To say that Elder Brown suffered on this long journey back to Macon would only mildly outline his experience. His early morning's fall had begun to make itself felt. He was sore and uncomfortable. Besides, his stomach was empty, and called for two meals it had missed for the first time in years.

When, sore and weary, the elder entered the city, the electric lights shone above it like jewels in a crown. The city slept; that is, the better portion of it did. Here and there, however, the lower lights flashed out into the night. Moodily the elder pursued his journey, and as he rode, far off in the night there rose and quivered a plaintive cry. Elder Brown smiled wearily: it was Balaam's appeal, and he recognized it. The animal he rode also recognized it, and replied, until the silence of the city was destroyed. The odd clamor and confusion drew from a saloon near by a group of noisy youngsters, who had been making a night of it. They surrounded Elder Brown as he began to transfer himself to the hungry beast to whose motion he was more accustomed, and in the "hail fellow well met" style of the day began to bandy jests upon his appearance. Now Elder Brown was not in a jesting humor. Positively he was in the worst humor possible. The result was that before many minutes passed the old man was swinging several of the crowd by their collars, and breaking the peace of the city. A policeman approached, and but for the good-humored party, upon whom the elder's pluck had made a favorable impression, would have run the old man into the barracks.
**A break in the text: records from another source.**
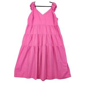 Old Navy Womens Tiered Seersucker All Day Maxi Dress Plus Size 3X Hot Pink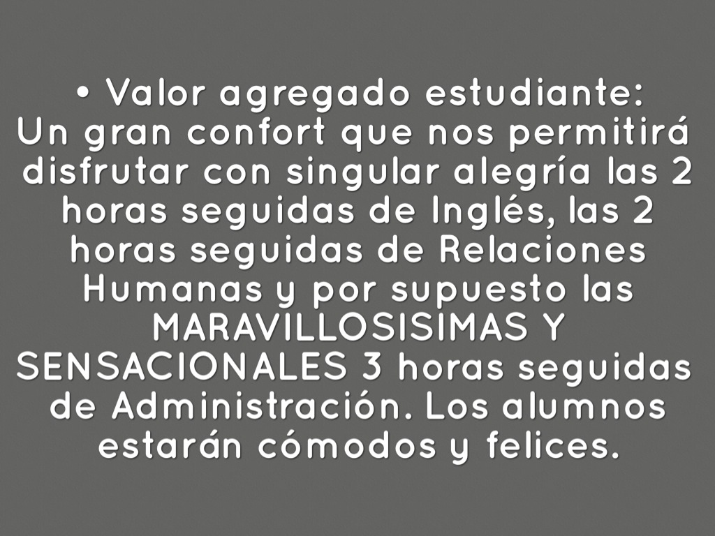 Un gran confort que nos permitirá disfrutar con singular alegría las 2 horas seguidas de Inglés, las 2 horas seguidas de Relaciones Humanas y por supuesto las MARAVILLOSISIMAS Y SENSACIONALES 3 horas seguidas de Administración. Los alumnos estarán cómodos y felices.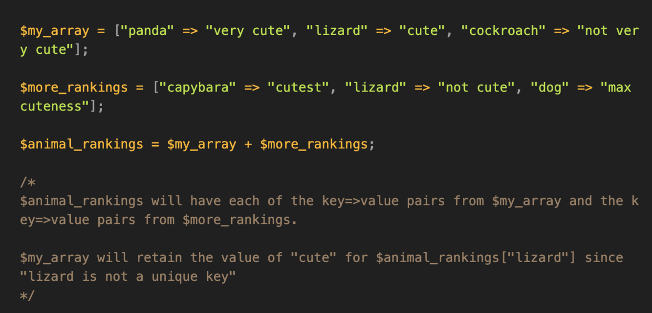 In PHP, the union (+) operator takes two array operands and returns a new array with any unique keys from the second array appended to the first array.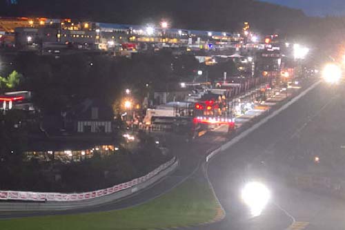 As with other 24-hour events most qualifying takes place at night with Rookie drivers having to complete their statutory 10 laps, so even with our arrival at the circuit at a relatively late hour, we were still able to enjoy 4 hours of cars on the track whilst having a good wander round the paddock and grandstand areas to get our bearings, find the underpasses and following each car’s progress from the multitude of big screens dotted around the circuit. Making our way back towards the campsite about 23:30 we watched the last throes of the session high-up on the ridge above Malmedy corner where you can also look over the entry into Rivage.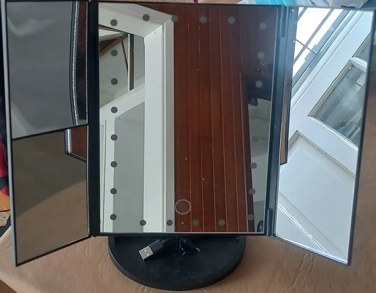 Espejo con luz LED integrada y diseño de tres paneles, ideal para maquillaje y cuidado personal. Fabricado en vidrio de alta calidad que brinda una imagen nítida y sin distorsión desde distintos ángulos. Su base estable permite un uso cómodo sobre cualquier superficie, mientras que los paneles laterales plegables facilitan un ajuste preciso para mayor visibilidad. Incluye espejo con aumento para detalles finos. Práctico, funcional y fácil de guardar, ideal para el uso diario en el hogar.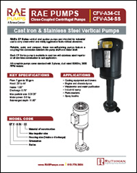 RAE’s CF Series vertical end suction pumps are intended for industrial use to carry clean water and mildly aggressive fluids without abrasives.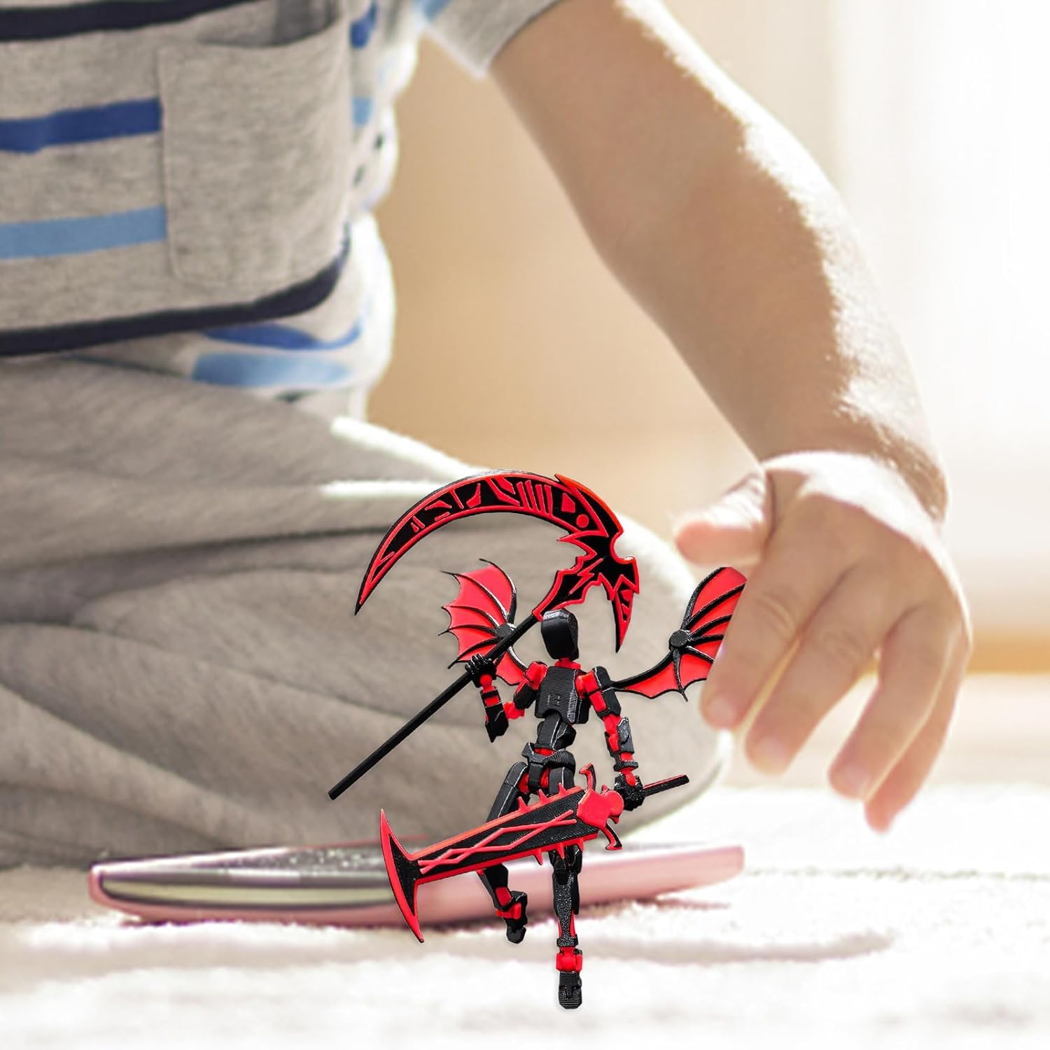 Montaggio Semplice: di giunzioni totalmente articolate per flessibilità nel posing, esperienza di gioco coinvolgente e installazione agevole per tutti Regalo Pratico: Grazie al suo design portafortuna e al simbolismo propiziatorio, questa figura stampata in 3D diventa un'aggiunta significativa a qualsiasi collezione, ideale per essere regalata o esposta grazie alla sua presenza accattivante Materiale Sicuro: Caratterizzato da materiali stabili e sicuri per bambini, combinati con una costruzione resiliente, garantisce un uso prolungato mantenendo rigorose misure di sicurezza per un'esperienza coinvolgente a qualsiasi età Arte Demoniaca Dettagliata: Con dettagli alari intricati e un'estetica demoniaca, la figura offre un design visivo imponente che emana un'aura potente, garantendo una presenza distintiva in ogni collezione o setup espositivo per appassionati Appeal per Tutte le Età: Questo action figure stampato in 3D è designato per un utilizzo sicuro e per l'esposizione, adatto sia per il gioco che per la collezione, pensato per appassionati e con materiali resistenti che garantiscono interazioni sicure per i bambini e una lunga durata nel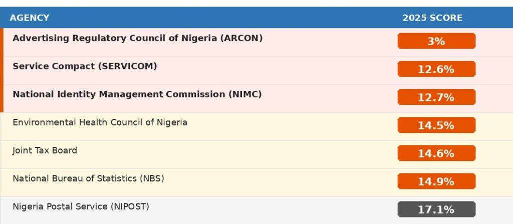 In 2024, only 10 of 39 MDAs scored above 50%, with a weighted average of 34.87%.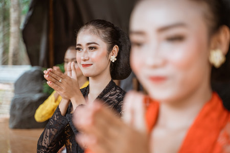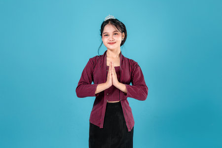 Smiling young Asian woman in traditional striped lurik attire with hands in greeting gesture. Her soft, confident expression radiates warmth, respect, and cultural pride.

The crowd, however, drew him laughingly into the saloon and to the bar. The reaction was too much for his half-rallied senses. He yielded again. The reviving liquor passed his lips. Gloom vanished. He became one of the boys.

The company into which Elder Brown had fallen was what is known as "first-class." To such nothing is so captivating as an adventure out of the common run of accidents. The gaunt countryman, with his battered hat and claw-hammer coat, was a prize of an extraordinary nature. They drew him into a rear room, whose gilded frames and polished tables betrayed the character and purpose of the place, and plied him with wine until ten thousand lights danced about him. The fun increased. One youngster made a political speech from the top of the table; another impersonated Hamlet; and finally Elder Brown was lifted into a chair, and sang a camp-meeting song. This was rendered by him with startling effect. He stood upright, with his hat jauntily knocked to one side, and his coat tails ornamented with a couple of show-bills, kindly pinned on by his admirers. In his left hand he waved the stub of a cigar, and on his back was an admirable representation of Balaam's head, executed by some artist with billiard chalk.

As the elder sang his favorite hymn, "I'm glad salvation's free," his stentorian voice awoke the echoes. Most of the company rolled upon the floor in convulsions of laughter.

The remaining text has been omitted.